The force acting on a window of area `50cm xx 50cm` of a submarine at a depth of `2000 m` in an ocean, the interior of which is maintained at sea level atmospheric pressure is (Density of sea water = `10^(3)kgm^(-3)`, `g = 10ms^(-2)`)

To find the force acting on the window of the submarine, we can follow these steps: ### Step 1: Determine the area of the window The area of the window is given as \(50 \, \text{cm} \times 50 \, \text{cm}\). We need to convert this to square meters for consistency with SI units. \[ \text{Area} = 50 \, \text{cm} \times 50 \, \text{cm} = 0.5 \, \text{m} \times 0.5 \, \text{m} = 0.25 \, \text{m}^2 \] ### Step 2: Calculate the pressure at a depth of 2000 m The pressure at a depth \(h\) in a fluid is given by the formula: \[ P = P_0 + \rho g h \] Where: - \(P_0\) is the atmospheric pressure at sea level, approximately \(10^5 \, \text{Pa}\) (or \(1 \, \text{atm}\)). - \(\rho\) is the density of the fluid (sea water), given as \(10^3 \, \text{kg/m}^3\). - \(g\) is the acceleration due to gravity, given as \(10 \, \text{m/s}^2\). - \(h\) is the depth, given as \(2000 \, \text{m}\).
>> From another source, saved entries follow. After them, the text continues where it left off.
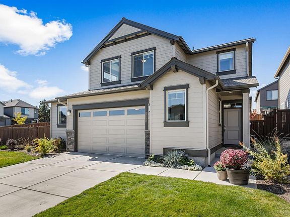 Like New, quality built, Pahlisch Home on a corner lot in McCall Landing in NE Bend! This 1,810 sqft, 3 bedroom 2.5 bath home features Laminate Flooring throughout, quartz counters in kitchen & bathrooms, huge kitchen island, pantry, great room, stainless steel appliances, covered back patio great for entertaining, backyard privacy, office, oversized garage with shelving and work bench, honeycomb blackout blinds, views of Broken Top & South Sister from upstairs. HOA maintains front yard landscaping, blocks from Boyd Park, close to Pine Nursery Park, shopping, breweries & restaurants.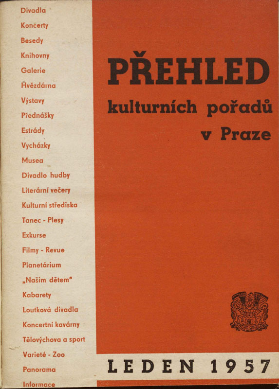 My, lidé lidově demokratického Československa, již dvanáctý rok budeme užívat svobody svého samostatného státu, která rok od roku nám dává stále bohatší a bohatší život z úspěchů společné budovatelské práce. Náš radostný život dochází svého výrazu i ve chvílích odpočinku po práci. Je stále vyplněn krásnějšími prožitky z uměleckých večerů našich umělců z povolání i lidových umělců. Stále větší počet našich lidí tráví většinu svého volného času v pěveckých, tanečních, divadelních a dalších kroužcích nejrozmanitějších zájmů v závodních klubech, nebo v kulturně osvětových zařízeních národních výborů. Proto každý měsíc roku v Přehledu není úplným výčtem celého kulturně společenského života hlavního města. Ukazuje však jeho hlavní pořady. Pro každou chvíli volného času každého z nás je připraveno tolik možností kulturně společenského života, jaký jen může poskytnout socialistická péče o člověka.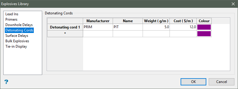 Use the Detonating Cords section to define the detonating cords information including the manufacturer name and the detonating cord name, weight, cost, and colour.
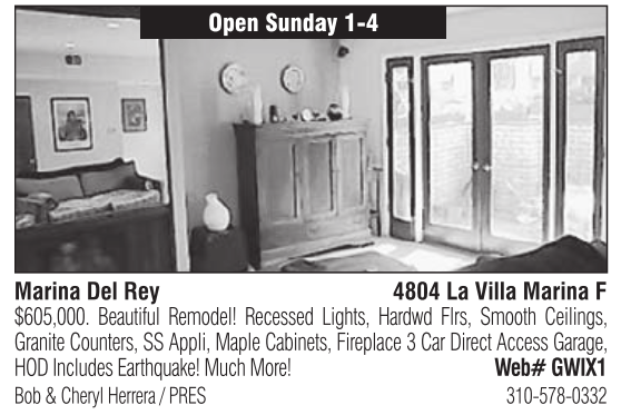 Marina Del Rey 4804 La Villa Marina F $605,000. Beautiful Remodel! Recessed Lights, Hardwd Flrs, Smooth Ceilings, Granite Counters, SS Appli, Maple Cabinets, Fireplace 3 Car Direct Access Garage, HOD Includes Earthquake! Much More! Web# GWIX1 Bob & Cheryl Herrera / PRES 310-578-0332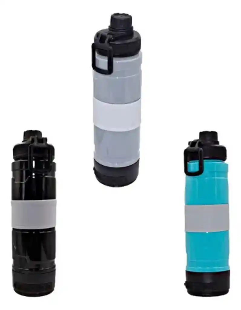 El artículo es una botella de agua recargable con altavoz Bluetooth integrado, ideal para actividades al aire libre. Capacidad/Volumen: 650ml. Material: Plástico resistente. Características: Altavoz Bluetooth recargable integrado en la base inferior. Uso: Diseñada para deportes y camping.
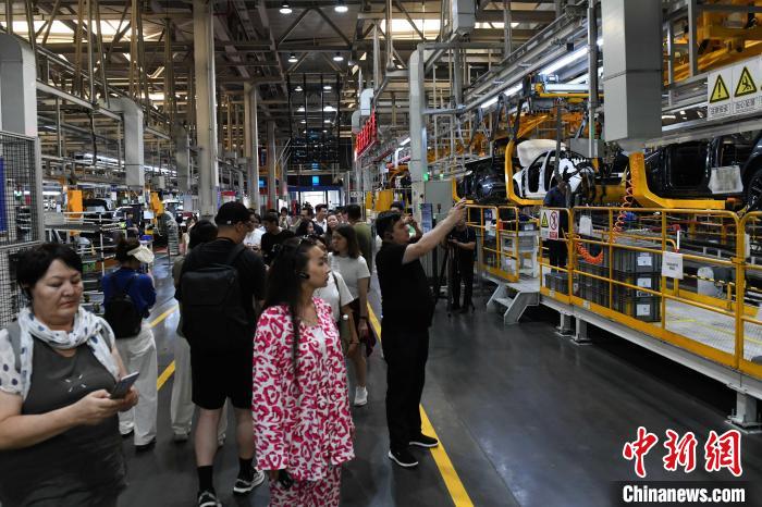 參訪期間,代表團(tuán)一行參觀長安汽車兩江工廠?!≈行律缬浾?周毅 攝

Substituting the values: \[ P = 10^5 \, \text{Pa} + (10^3 \, \text{kg/m}^3)(10 \, \text{m/s}^2)(2000 \, \text{m}) \] Calculating the second term: \[ P = 10^5 \, \text{Pa} + 2 \times 10^7 \, \text{Pa} = 2.1 \times 10^7 \, \text{Pa} \] ### Step 3: Calculate the net pressure acting on the window The net pressure acting on the window is the pressure from the outside minus the pressure from the inside. The inside pressure is maintained at atmospheric pressure \(P_0\): \[ \text{Net Pressure} = P - P_0 = (2.1 \times 10^7 \, \text{Pa}) - (10^5 \, \text{Pa}) = 2.09 \times 10^7 \, \text{Pa} \] ### Step 4: Calculate the force acting on the window The force \(F\) acting on the window can be calculated using the formula: \[ F = \text{Net Pressure} \times \text{Area} \] Substituting the values: \[ F = (2.09 \times 10^7 \, \text{Pa}) \times (0.25 \, \text{m}^2) \] Calculating the force: \[ F = 5.225 \times 10^6 \, \text{N} \] ### Conclusion The force acting on the window of the submarine at a depth of 2000 m is approximately \(5.225 \times 10^6 \, \text{N}\).